BOTTA E RISPOSTA CON PAOLO GIULIERINI

PAOLO GIULIERINI archeologo ed ex direttore del MANN
Autore del libro Mare Mostrum

Cosa lo ha ispirato a scrivere questo libro?
Sono stato spinto a scrivere questo libro dalle notizie che ogni giorno arrivano dai telegiornali per ricordare che il Mar Mediterraneo non è solo un mare di morte e tragedie, ma per millenni è stato il mare che ha unito civiltà, sia in ere antiche (con i Fenici, Greci e Romani) sia in quelle più moderne. Nonostante le diversità, i popoli che hanno abitato e abitano le sponde di questo mare, sono tutti legati da leggende e da una cultura unica (se pur eterogenea).

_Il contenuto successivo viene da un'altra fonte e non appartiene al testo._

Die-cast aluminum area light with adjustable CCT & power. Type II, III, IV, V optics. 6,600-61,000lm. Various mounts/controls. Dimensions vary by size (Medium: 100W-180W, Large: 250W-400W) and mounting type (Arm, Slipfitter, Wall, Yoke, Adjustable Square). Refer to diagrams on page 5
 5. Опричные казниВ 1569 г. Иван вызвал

Di cosa tratta il libro, e perché proprio questo titolo?
Il titolo Mare Mostrum gioca con l’antico nome romano ‘Mare Nostrum’, perciò si deduce che il Mar Mediterraneo sia abitato da mostri e creature mitiche come il Minotauro, le Sirene, i Ciclopi, le Gorgoni. Ma dietro le leggende si nasconde il reale intento delle civiltà antiche, quello di rendere il diverso (una cultura, un popolo) qualcosa di deforme. Ad esempio i Romani e i Greci raffiguravano gli abitanti dell’Africa come dei ‘pigmei’. Spesso l’idea del ‘mostruoso’ nasce quando l’uomo si rapporta con qualcosa o qualcuno di nuovo. Noi moderni dovremmo abbattere la paura del diverso e l’idea che sia ostile attraverso la conoscenza reciproca.
In latino la parola ‘monstrum’ deriva dal verbo ‘monere’ che possiamo tradurlo come ‘avvisare’. Nel contesto di osservare qualcosa di nuovo o un evento fuori dal comune, consente allo spettatore di trarne una lezione e una riflessione sull’esperienza appena vissuta, e di conseguenza crescita. Perciò il contatto col diverso, con il ‘mostro’, è visto sempre come qualcosa di positivo.

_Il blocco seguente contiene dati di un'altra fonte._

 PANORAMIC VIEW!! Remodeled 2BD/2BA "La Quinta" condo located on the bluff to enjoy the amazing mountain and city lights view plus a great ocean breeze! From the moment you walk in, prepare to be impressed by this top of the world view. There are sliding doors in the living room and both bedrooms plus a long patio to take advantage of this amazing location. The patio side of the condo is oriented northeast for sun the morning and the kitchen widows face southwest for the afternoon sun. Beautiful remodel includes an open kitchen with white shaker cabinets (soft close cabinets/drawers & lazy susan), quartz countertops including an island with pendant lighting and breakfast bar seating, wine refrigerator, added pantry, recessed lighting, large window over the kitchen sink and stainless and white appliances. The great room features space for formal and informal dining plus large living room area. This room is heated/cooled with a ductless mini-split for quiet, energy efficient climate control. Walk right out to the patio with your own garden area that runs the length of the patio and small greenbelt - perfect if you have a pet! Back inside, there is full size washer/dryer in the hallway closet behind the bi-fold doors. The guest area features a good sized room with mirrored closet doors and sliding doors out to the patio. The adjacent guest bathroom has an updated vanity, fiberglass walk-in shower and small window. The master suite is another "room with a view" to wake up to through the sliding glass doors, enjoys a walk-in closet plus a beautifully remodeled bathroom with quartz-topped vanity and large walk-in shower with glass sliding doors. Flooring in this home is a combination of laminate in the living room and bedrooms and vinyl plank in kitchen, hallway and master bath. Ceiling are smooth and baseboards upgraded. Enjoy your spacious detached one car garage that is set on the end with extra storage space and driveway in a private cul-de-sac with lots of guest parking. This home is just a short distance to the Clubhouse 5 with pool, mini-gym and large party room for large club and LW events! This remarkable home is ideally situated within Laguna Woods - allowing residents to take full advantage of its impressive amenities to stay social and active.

Cosa dovrebbe trarne un lettore?
Attraverso la lettura dei vari miti e storie delle civiltà mediterranee, vorrei che il lettore possa trarne che molto spesso i mostri della mitologia sono le vittime delle colpe umane (come ad esempio la genesi del Minotauro), oppure un mero elemento di disordine che deve essere abbattuto per ripristinare l’ordine, senza però dimenticare che la causa iniziale è l’intervento umano.